WordPress Dual Factor Authentication
Unless you’ve been living under a rock, or you just avoid doing anything even remotely financially related online, then you’ve probably had experience with dual-factor authentication. The first factor comes from you entering your user credentials into a login form. The second factor comes from a source outside of the web page — like a text message, for example — and adds an extra layer of security.
So how do we set up a WordPress admin login to have dual-factor authentication? Well, with a plugin, of course! Many of these plugins we’re about to list will add a third field on your wp-admin login page for you to enter whatever security code gets sent to you. Many of these plugins also have corresponding apps, like the Google Authenticator or Duo Mobile apps.
Dual-Factor WordPress Plugins:
Use SSL Certificates (HTTPS)
This is one of those tips that apply to every website on the internet. Seriously, everybody should be using SSL. If you are running a WordPress site that has multiple users, multiple authors, or any eCommerce capabilities YOU NEED TO USE HTTPS!
When you use an SSL certificate, not only do you get a cool httpS in your URL and a fancy miniature lock icon in the address bar, but you ensure that nothing ever passes from your WordPress install as plain text.
Hackers can oftentimes “intercept” these “signals” that are sent from your WordPress install through your hosting companies, to other “places”. These other places can be someone else’s web browser or a third-party service like your credit card processor.
Aside from the obvious security, you know what else HTTPS can give you?
- SEO – Google has officially admitted that HTTPS is a ranking factor for their search engine results pages. You will literally rank higher if you’re using an SSL certificate to get an HTTPS URL.
- Trust WordPress Security– Almost 1/3rd of visitors know to look for that tiny little lock icon, the green security indicator, or the S in HTTPS. More people are learning every day to look out for these signs of a secure connection. Visitors will be 77% more likely to purchase something from you, or subscribe for something, as long as you’re giving them a secure connection.
TL;DR: Get an SSL Certificate. This is one of the most important aspects here. Seriously, minimize this web page and go install one.
Is Your wp-config.php Secure?
Those of us old-school WordPress users know how vital that wp-config file is to WordPress security, installation, and overall usage. But because the installation process has become so easy, many WordPress users that have been introduced in just the past few years probably don’t even know it exists.
The wp-config.php file contains a lot of important and potentially vulnerable information, like your MySQL database credentials.
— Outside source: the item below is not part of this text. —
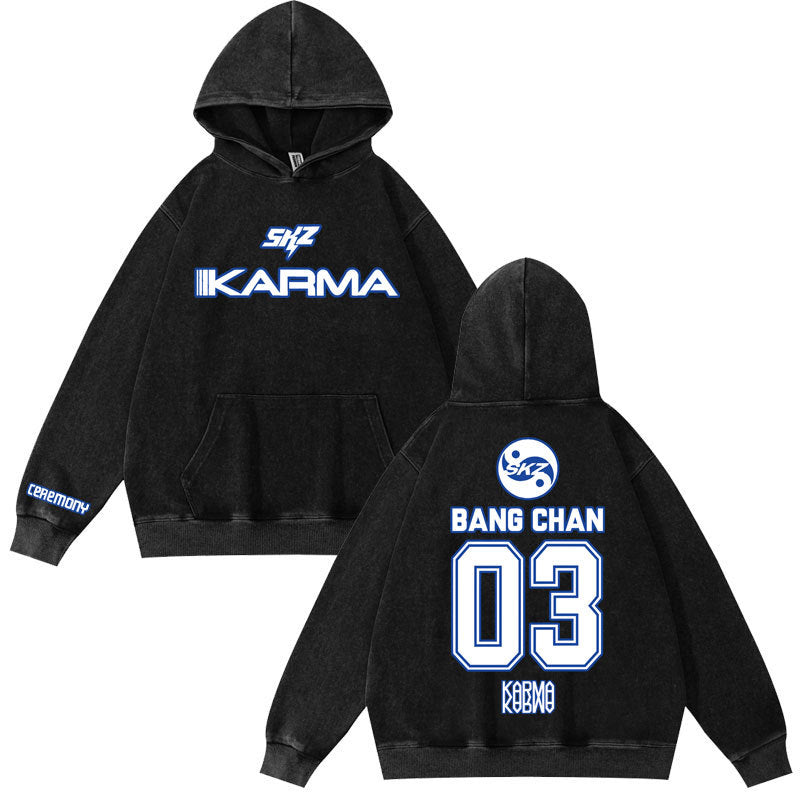 Embrace effortless style with this washed hoodie top featuring the iconic SKZ KARMA logo. Crafted from soft, comfortable fabric, this piece delivers a relaxed fit perfect for casual wear or layering. The vintage-inspired wash gives it a lived-in aesthetic that pairs seamlessly with any wardrobe. Whether you're heading out or staying in, this hoodie combines comfort and contemporary design for everyday versatility.

Wp-config.php is the single most important file when it comes to WordPress security. How can you make it secure?
Move The wp-config.php File – By default, this file is located in the root directory of your WordPress install, usually in that wonderful public_html folder. Consider moving it. Here’s an amazing explanation by Aaron Adams on how to move the wp-config.php file.
Wp-config.php CHMOD Permissions – When WordPress gets installed manually, the documentation suggests you change the permissions of this file to 400 or 440 to prevent any other users on the server from reading it, accessing it, or changing it. This can be done in many FTP clients by right-clicking on the file and finding Permissions or CHMOD. You may need to check with your web hosting provider.
WordPress Is 100% Safe To Use
Any application on the web is going to open itself up to hackers looking to take advantage of any weakness that they can find. WordPress is no exception to this rule. I know that we’ve listed a lot of steps you should take in order to secure your WordPress install, but that doesn’t mean WordPress isn’t safe to use. It just may take some tweaks to ensure you’re as unhackable as possible!